Além de medir o desempenho em cada área prioritária com base na realização de metas declaradas, as bibliotecas também podem utilizar uma grade de atividade para documentar atividades específicas que contribuem para prioridades específicas e que abordam públicos específicos ou grupos dentro do plano de diversidade.
Exemplos de avaliação:
Recursos adicionais.
Você também pode querer aproveitar esses recursos:
Padrões desenvolvidos pelo Comitê de Diversidade Racial e Étnica da ACRL (Associação de Bibliotecas Universitárias e de Pesquisa), com base nas Normas da Associação Nacional de Trabalhadores Sociais de 2001 para Competências Culturais em Prática de Trabalho Social.
Por Pat Disterhoft, professor associado de educação; Debbie Giunta, diretora do Centro de Fluência Cultural; e Arianne Walker, diretora do Escritório de Pesquisa e Avaliação Institucional, todas do Mount St. Mary's College, Los Angeles, Califórnia.
Uma avaliação das percepções da equipe da biblioteca sobre (a) o compromisso da biblioteca com os princípios da diversidade, (b) políticas e procedimentos organizacionais, e (c) atitudes do pessoal.

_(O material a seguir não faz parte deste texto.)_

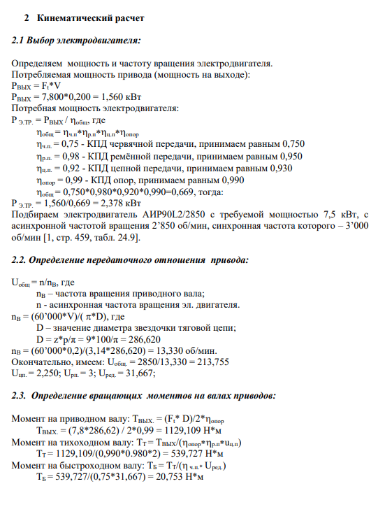 Цепной транспортёр предназначен для непрерывной горизонтальной транспортировки различных грузов. Движение цепи осуществляется посредством двух звёздочек, установленных на приводном валу. Передача вращения на него осуществляется посредством червячного редуктора с верхним расположением червяка и асинхронного электродвигателя 90L2 исполнения IM 1081, сообщающихся посредством ремённой передачи, а также цепной передачи, соединяющей тихоходный вал редуктора с приводным валом. Электропитание осуществляется от сети переменного 3-х фазного тока с частотой 50 Гц и напряжением 380 В. II типовой режим нагружения. Расчётный ресурс 10’000 ч. Изготовление серийное – 1’000 штук в год.

É uma pesquisa on-line com perguntas destinadas a compreender as percepções de impacto sobre a qualidade do serviço em uma configuração de biblioteca.
Este Kit SPEC explora quais os progressos realizados nas bibliotecas membros da ARL para recrutar e manter uma força de trabalho diversificada; as estratégias que utilizam para aumentar o número de bibliotecários de diversidade étnica / cultural na profissão e nas suas bibliotecas; os elementos de programas que apoiam com sucesso um local de trabalho inclusivo; as pessoas, grupos e / ou comissões responsáveis pela supervisão dos programas; and how libraries are assessing the effectiveness and success of such programs.